> Your task
Reproduce only this stretch of the listing below: from the line with "편의점에 들러 컵라면, 푸딩, 젤리, 음료수를" through the line with "针对上述情况,也有老师咨询了IFAB,给出的答案,大家可以参考。", exactly as written, with pictures excluded.

*** The records Section Begins ***

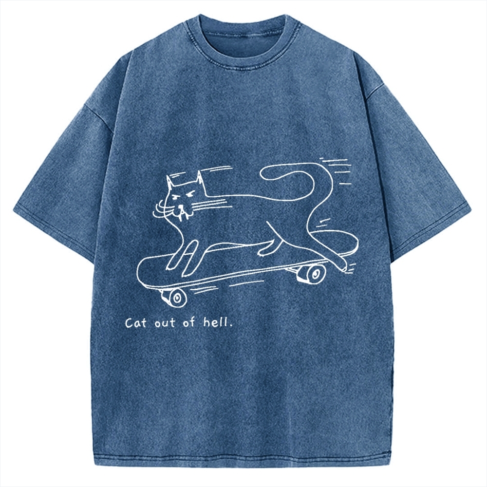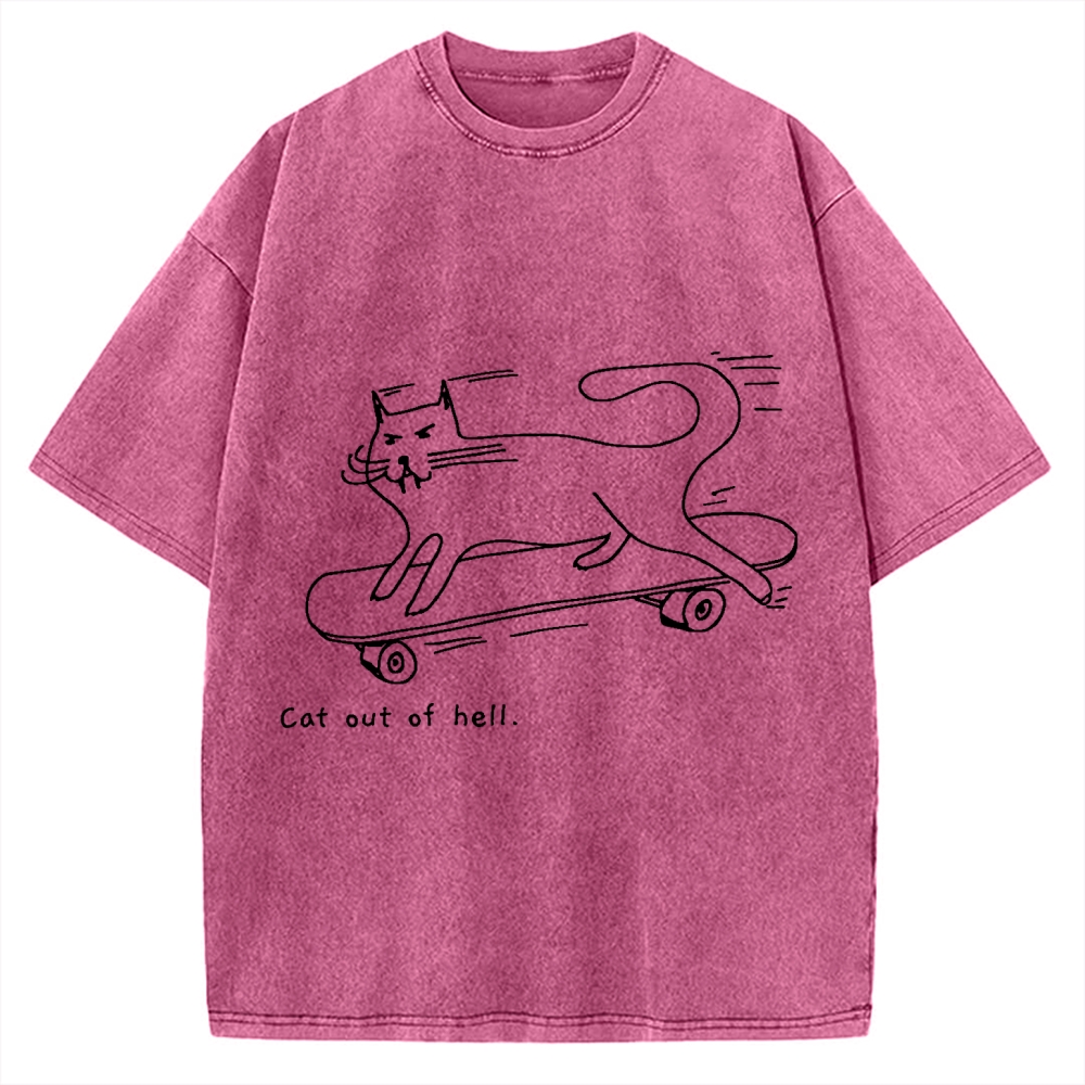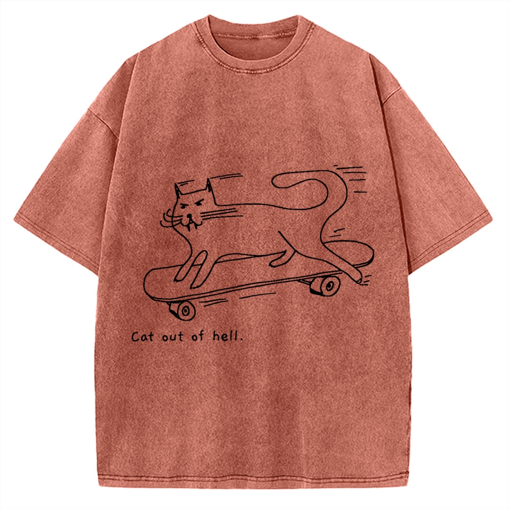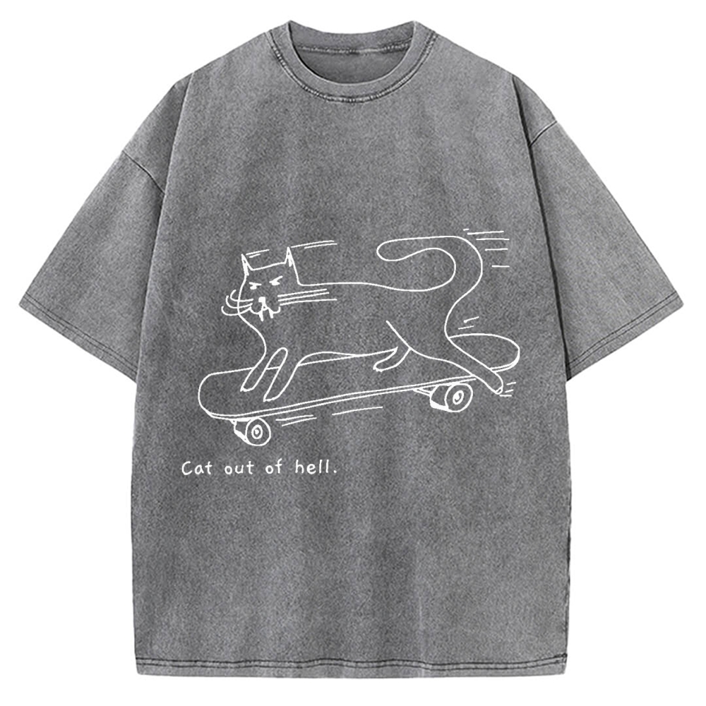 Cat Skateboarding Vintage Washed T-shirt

*** The records Section Ends ***
*** The records Section Begins ***

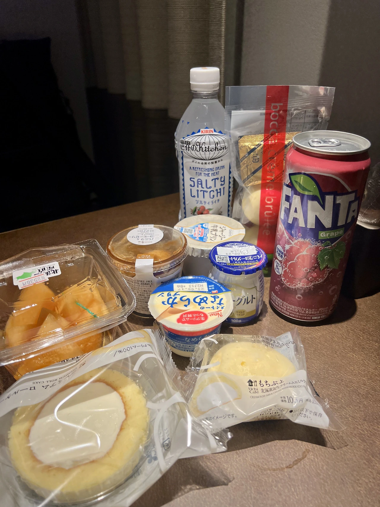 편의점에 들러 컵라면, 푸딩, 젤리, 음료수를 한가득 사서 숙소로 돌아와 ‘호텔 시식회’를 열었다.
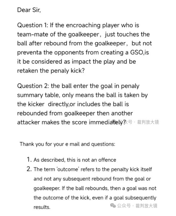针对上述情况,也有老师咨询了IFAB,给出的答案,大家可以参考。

*** The records Section Ends ***

> Answer
 편의점에 들러 컵라면, 푸딩, 젤리, 음료수를 한가득 사서 숙소로 돌아와 ‘호텔 시식회’를 열었다.
针对上述情况,也有老师咨询了IFAB,给出的答案,大家可以参考。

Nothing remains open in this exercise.